= MATERIAL FOR THE TASK =

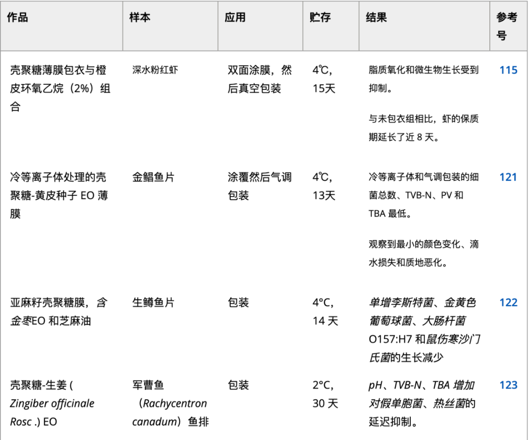 精油近年来,含有酚类和非酚类成分的环氧乙烷因其在水产食品中的抗菌和抗氧化特性而受到广泛关注。从植物中获得的环氧乙烷可用于保存水产食品。此外,在成膜过程中,油的加入可以降低表面粗糙度,因为它们占据微小的表面空隙。柠檬、马郁兰、香芹酚、肉桂、大蒜、黄芪、丁香、生姜、 月桂树、 姜黄、橙皮、迷迭香、百里香、牛至、和罗勒种均已成功用作薄膜材料。例如,富含百里香 ( Origanum minutiflorum ) 和迷迭香 ( Rosmarinus officinalis ) EO 的壳聚糖薄膜可改善烟熏虹鳟鱼在 4°C 下的质量特性和保质期。卢等人。研究了由壳聚糖、聚乙烯醇和百里香 EO 组成的复合膜对黑鱼(Channa argus)的质量和保质期影响。他们表示,经过可食用薄膜处理的样品保质期延长了4天。含EOs可食膜的特性及其对水产食品理化特性的影响见表 4。如此表所示,非热处理也适用于添加 EO 的薄膜。冷等离子体和高压处理可改善可食用包装薄膜的热机械、物理和结构性能。137这些处理还可以通过生物聚合物和活性化合物之间的交联过程,减缓可食用薄膜中活性化合物的释放。这样可以控制生物活性物质释放到水产食品中,从而减少微生物负荷。因此,应进一步研究冷等离子体、臭氧化和高静水压的预处理或后处理,以获得对掺有环氧乙烷的薄膜的协同效应。
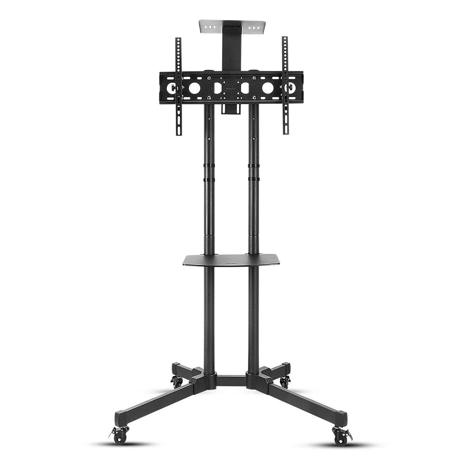 • PORTABLE: TV trolley floor stand equipped with four large heavy-duty casters to move the TV to anywhere you want easily. Wheel it to wherever you want to watch and put it away when you are done. The caster’s can also be locked allows the cart to be stationary or mobile as required. The wheels can move on carpet as well as wooden floor and other rough ground. Tall tv stand with shelves is ideal for outdoor, exhibition, office, hospital, school studio
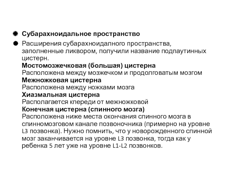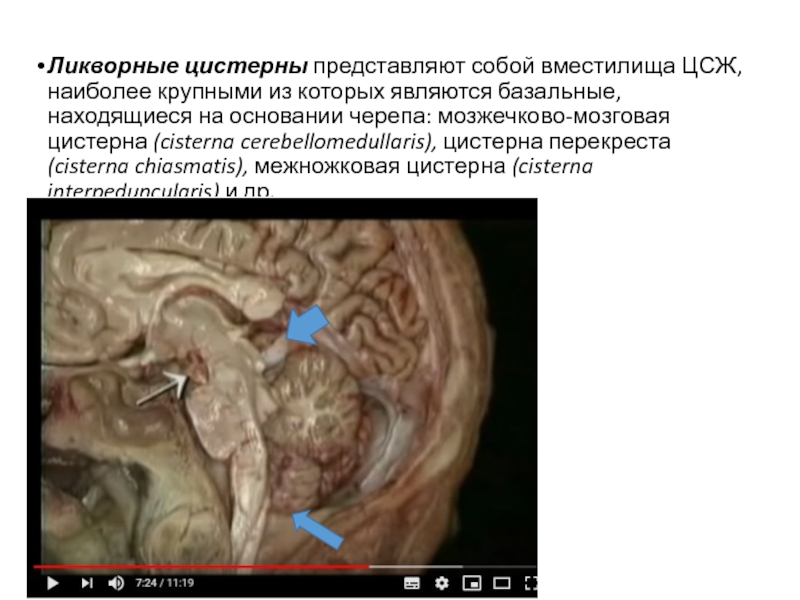 Слайд 7Ликворные цистерны представляют собой вместилища ЦСЖ, наиболее крупными из которых являются
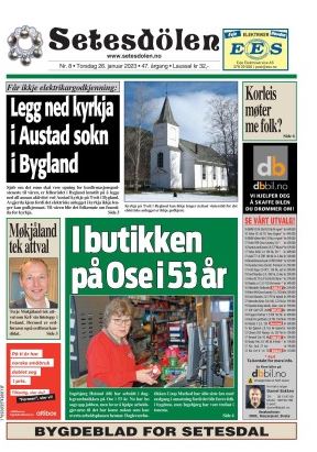 Setesdølen nr. 8, 2023 kom ut torsdag 26. januar 2023 med 12 sider.
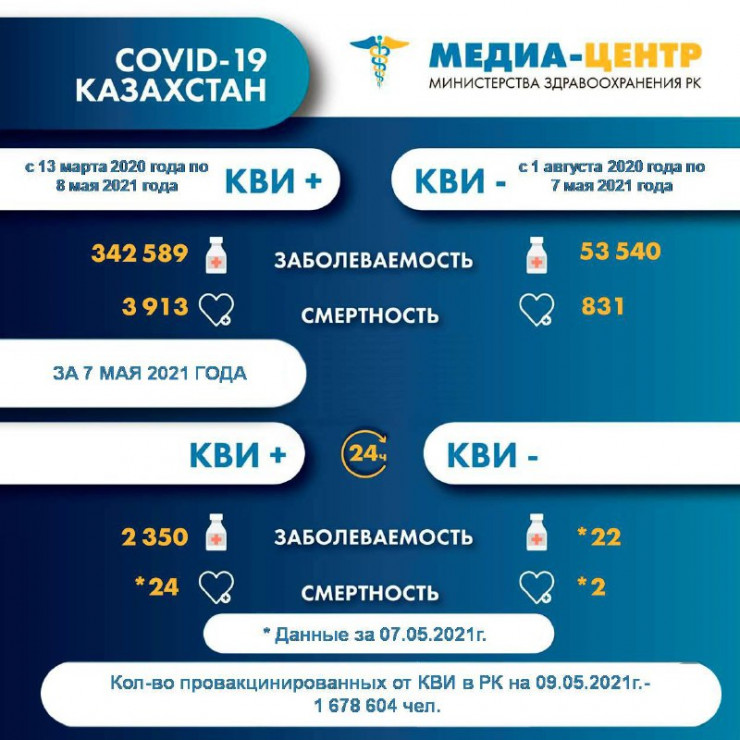 Информация о заболеваемости коронавирусной инфекцией в РК на 9 мая 2021 года
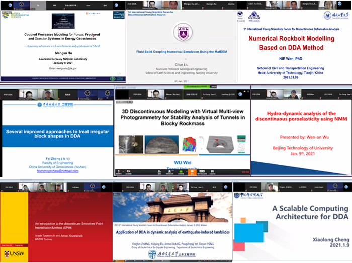 (通讯员:吕加贺 张美霞)2021年1月9日,由国际岩石力学与岩石工程学会非连续变形分析专委会(ISRM DDA Commission)、ISRM中国国家小组(ISRM NG China)、中国岩石力学与工程学会岩土体非连续变形分析专委会(CSRME DDA Commission)联合发起,太阳成tyc33455ccwww(武汉)、天津大学和河北工业大学联合承办的第一届非连续变形分析国际青年科学家论坛(1st International Young Scientists Forum for Discontinuous Deformation Analysis, IYSF-DDA)在Zoom会议平台成功举办,并于矿业人网站、哔哩哔哩平台同步直播,超过350人全程参加了此次非连续变形分析领域的学术盛宴。此次会议主要邀请了岩石力学与工程非连续变形分析领域青年学者,旨在交流非连续变形分析方法的前沿理论和最新研究进展,同时分享岩石力学与工程中非连续变形分析典型工程案例。

= WHAT YOU NEED TO DO =
Starting at the line that contains "Setesdølen nr. 8, 2023", output every line through the end of the data, both ends included, and nothing else; pictures stay out.

= SOLUTION BELOW =
 Setesdølen nr. 8, 2023 kom ut torsdag 26. januar 2023 med 12 sider.
 Информация о заболеваемости коронавирусной инфекцией в РК на 9 мая 2021 года
 (通讯员:吕加贺 张美霞)2021年1月9日,由国际岩石力学与岩石工程学会非连续变形分析专委会(ISRM DDA Commission)、ISRM中国国家小组(ISRM NG China)、中国岩石力学与工程学会岩土体非连续变形分析专委会(CSRME DDA Commission)联合发起,太阳成tyc33455ccwww(武汉)、天津大学和河北工业大学联合承办的第一届非连续变形分析国际青年科学家论坛(1st International Young Scientists Forum for Discontinuous Deformation Analysis, IYSF-DDA)在Zoom会议平台成功举办,并于矿业人网站、哔哩哔哩平台同步直播,超过350人全程参加了此次非连续变形分析领域的学术盛宴。此次会议主要邀请了岩石力学与工程非连续变形分析领域青年学者,旨在交流非连续变形分析方法的前沿理论和最新研究进展,同时分享岩石力学与工程中非连续变形分析典型工程案例。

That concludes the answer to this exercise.